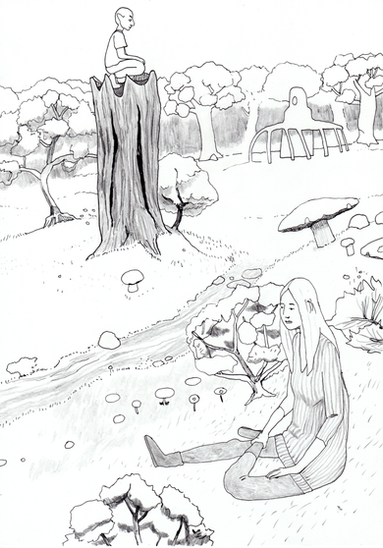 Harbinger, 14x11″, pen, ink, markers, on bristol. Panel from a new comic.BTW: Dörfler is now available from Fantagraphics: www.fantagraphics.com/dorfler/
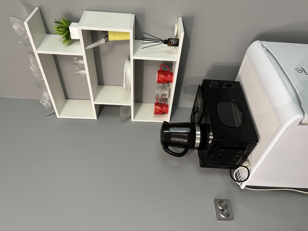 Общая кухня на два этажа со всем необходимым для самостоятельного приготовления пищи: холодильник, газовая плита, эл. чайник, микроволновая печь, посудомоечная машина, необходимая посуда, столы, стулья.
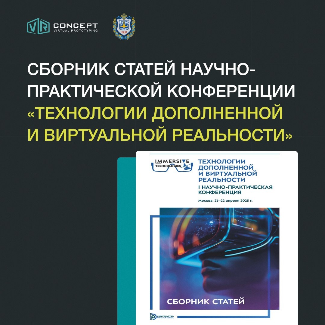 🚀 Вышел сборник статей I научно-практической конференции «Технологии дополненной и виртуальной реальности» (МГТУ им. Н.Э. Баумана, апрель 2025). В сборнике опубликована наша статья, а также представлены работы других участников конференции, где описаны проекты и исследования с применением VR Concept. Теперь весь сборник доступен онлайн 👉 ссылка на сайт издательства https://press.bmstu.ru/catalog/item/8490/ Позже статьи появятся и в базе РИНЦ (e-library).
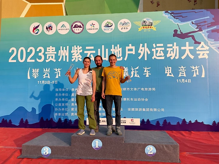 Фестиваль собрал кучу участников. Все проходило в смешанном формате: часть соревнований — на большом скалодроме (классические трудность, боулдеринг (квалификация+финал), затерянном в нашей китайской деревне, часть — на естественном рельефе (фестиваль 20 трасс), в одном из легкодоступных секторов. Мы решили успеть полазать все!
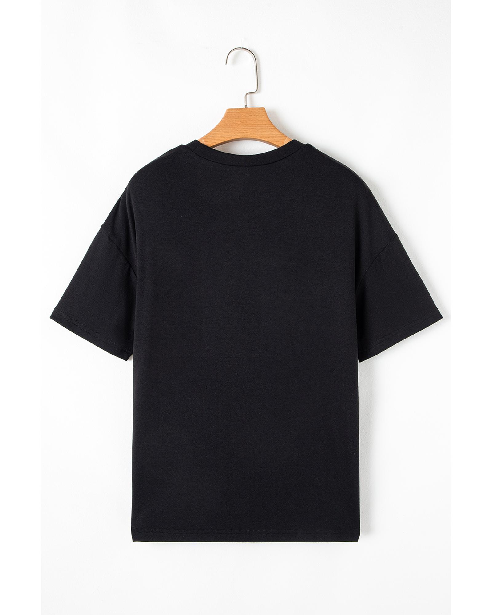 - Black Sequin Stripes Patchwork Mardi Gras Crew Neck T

◇ ◇ ◇

• _PROBLEM DETAILS_
Repeat the data exactly as given. Keep every picture out of the copy.

• _WRITTEN SOLUTION_
 Harbinger, 14x11″, pen, ink, markers, on bristol. Panel from a new comic.BTW: Dörfler is now available from Fantagraphics: www.fantagraphics.com/dorfler/
 Общая кухня на два этажа со всем необходимым для самостоятельного приготовления пищи: холодильник, газовая плита, эл. чайник, микроволновая печь, посудомоечная машина, необходимая посуда, столы, стулья.
 🚀 Вышел сборник статей I научно-практической конференции «Технологии дополненной и виртуальной реальности» (МГТУ им. Н.Э. Баумана, апрель 2025). В сборнике опубликована наша статья, а также представлены работы других участников конференции, где описаны проекты и исследования с применением VR Concept. Теперь весь сборник доступен онлайн 👉 ссылка на сайт издательства https://press.bmstu.ru/catalog/item/8490/ Позже статьи появятся и в базе РИНЦ (e-library).
 Фестиваль собрал кучу участников. Все проходило в смешанном формате: часть соревнований — на большом скалодроме (классические трудность, боулдеринг (квалификация+финал), затерянном в нашей китайской деревне, часть — на естественном рельефе (фестиваль 20 трасс), в одном из легкодоступных секторов. Мы решили успеть полазать все!
 - Black Sequin Stripes Patchwork Mardi Gras Crew Neck T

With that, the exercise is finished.